Les pays sujets  
201-129 av. J.C.

La quatrième guerre macédonienne La troisième guerre punique

201-160 av. J.C.

Carthage

En Afrique, l'ordre des choses établi par les romains en Lybie avait pour loi l'équilibre entre Carthage et le royaume numide de Massinissa. Carthage, par le seul effet de la paix est redevenue quant à la richesse et à la population ce qu'elle avait été au temps de sa grandeur et de sa puissance. Rome voie d'un oeil d'envie les succès nouveaux et les ressources inépuisables de son ancienne rivale et intervient ouvertement en faveur du numide aux litiges quotidiens avec les puniques.

Après la bataille de Zama, les Romains avaient placé auprès de Carthage un ennemi implacable, le roi de Numidie, Massinissa. "Les Carthaginois", disait le Numide, "ne sont en Afrique que des étrangers; ils ont ravi à nos pères, le territoire qu'ils possèdent." Et à chaque occasion favorable il leur enlevait une province. Carthage n'osa pas se défendre, car les Romains lui avaient interdit de faire aucune guerre sans leur permission. "Au moins", disaient ses députés au sénat, "décidez ce que vous voulez qu'on nous enlève." C'était à la veille de la guerre contre Persée (172 av. J.C.) que ces plaintes arrivaient à Rome.

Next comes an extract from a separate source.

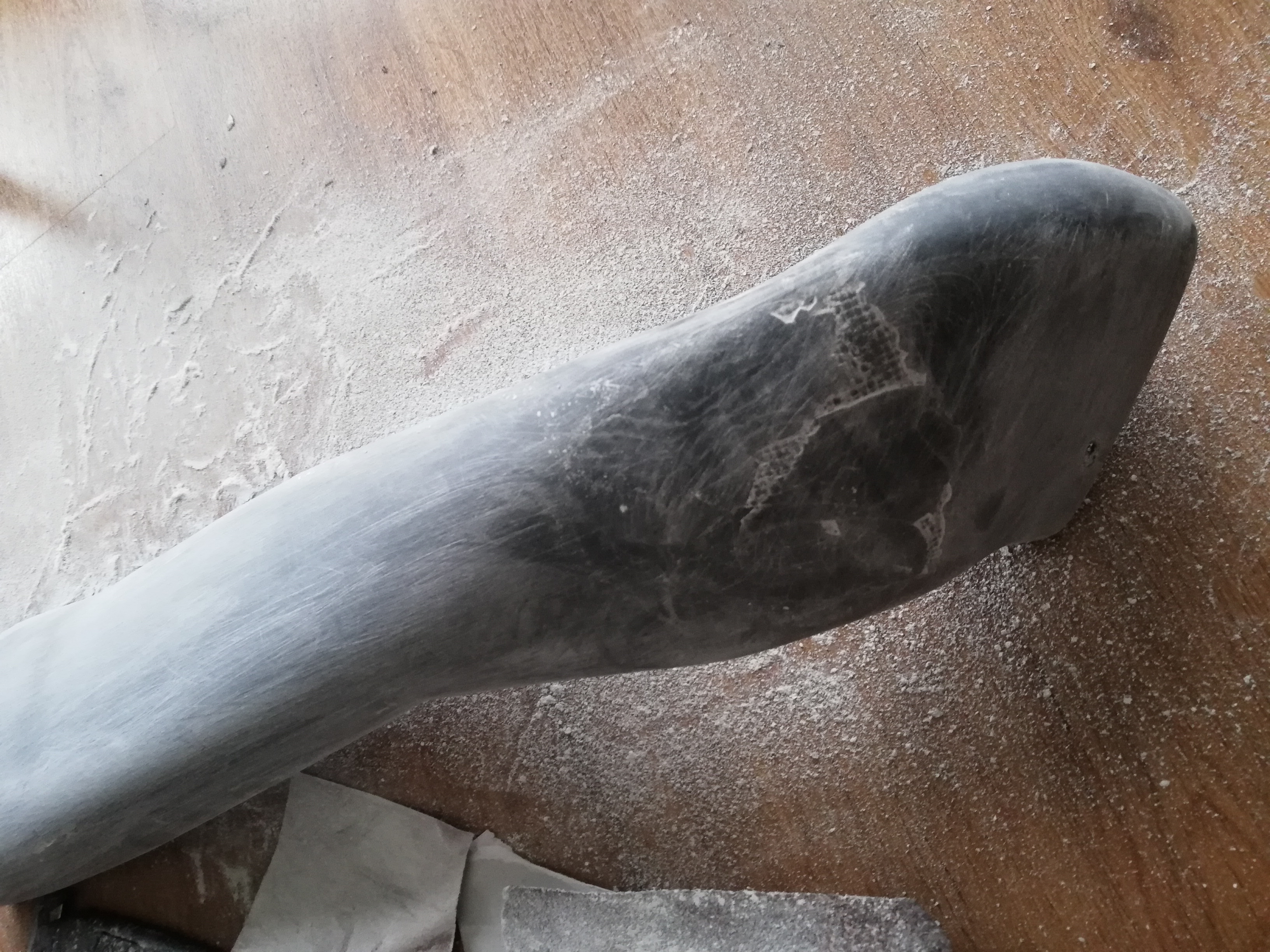il faut que tu ponce jusqu’à la trame du carbone attention quand la poussière de ponçage devient noir c'est que tu est au carbone,
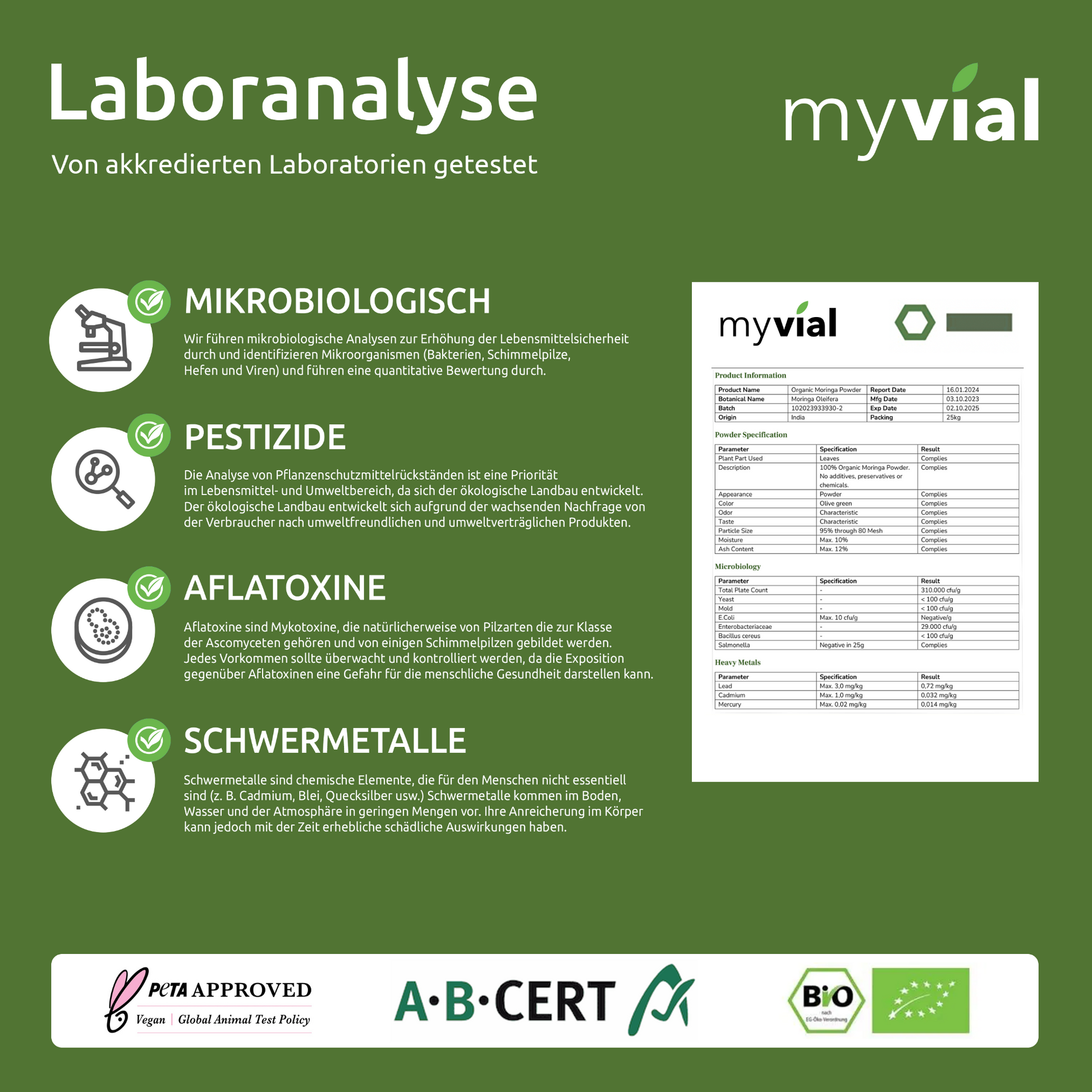 Um eine hohe Qualität zu gewährleisten, wird jeder unserer Rohstoffe von einem deutschen Labor geprüft.

Rome enjoint Carthage en 160 av. J.C. à évacuer les villes qu'elle occupait sur la petite Syrte au profit de Massinissa et de lui payer 500 talents de dommages intérêts. Enhardi par une telle décision, Massinissa de s'emparer aussitôt une autre portion de pays sur la frontière occidentale du territoire de Carthage : il lui enlève la ville de Tusca et les grandes plaines qui longent le Bagradas.

160-149 av. J.C.

La troisième guerre punique

Le forum
Le forum

La querelle entre les puniques et Messinissa demeura donc ouverte. Rome envoie une commission en Afrique pour instruire le litige. Marcus Caton est le chef de la commission, Caton l'homme le plus influent du sénat, Caton, le vétéran des guerres contre Hannibal, tout rempli encore de la haine et de la crainte du nom carthaginois. Les Carthaginois refusent de se soumettre à un tribunal où leur ennemi avait d'avance gagné sa cause, et Massinissa garde ce qu'il avait usurpé. Etonné et mécontent à la fois, Caton constate de ses propres yeux le réveil florissant de l'ennemi héréditaire de Rome. Dans sa conviction honnête il se dit que le salut de Rome n'est pas assuré tant que Carthage reste debout. Revenu à Rome, il s'empresse d'en dire son avis en plein sénat. Il avait trouvé, avec surprise et colère, Carthage riche, peuplée, prospère. Quand le haineux vieillard revient à Rome, il laissa tomber dans la curie des figues qu'il tenait dans un pli de sa toge; et comme les sénateurs en admiraient la beauté: "La terre qui les porte", dit-il, "n'est qu'à trois journées de Rome"; depuis ce jour il ne cessa de répéter à la fin de ses discours: "Et, de plus, je pense qu'il faut détruire Carthage, delenda est Carthago." La majorité décide qu'à la première occasion favorable, la guerre serait déclarée à Carthage et que Carthage serait rasée.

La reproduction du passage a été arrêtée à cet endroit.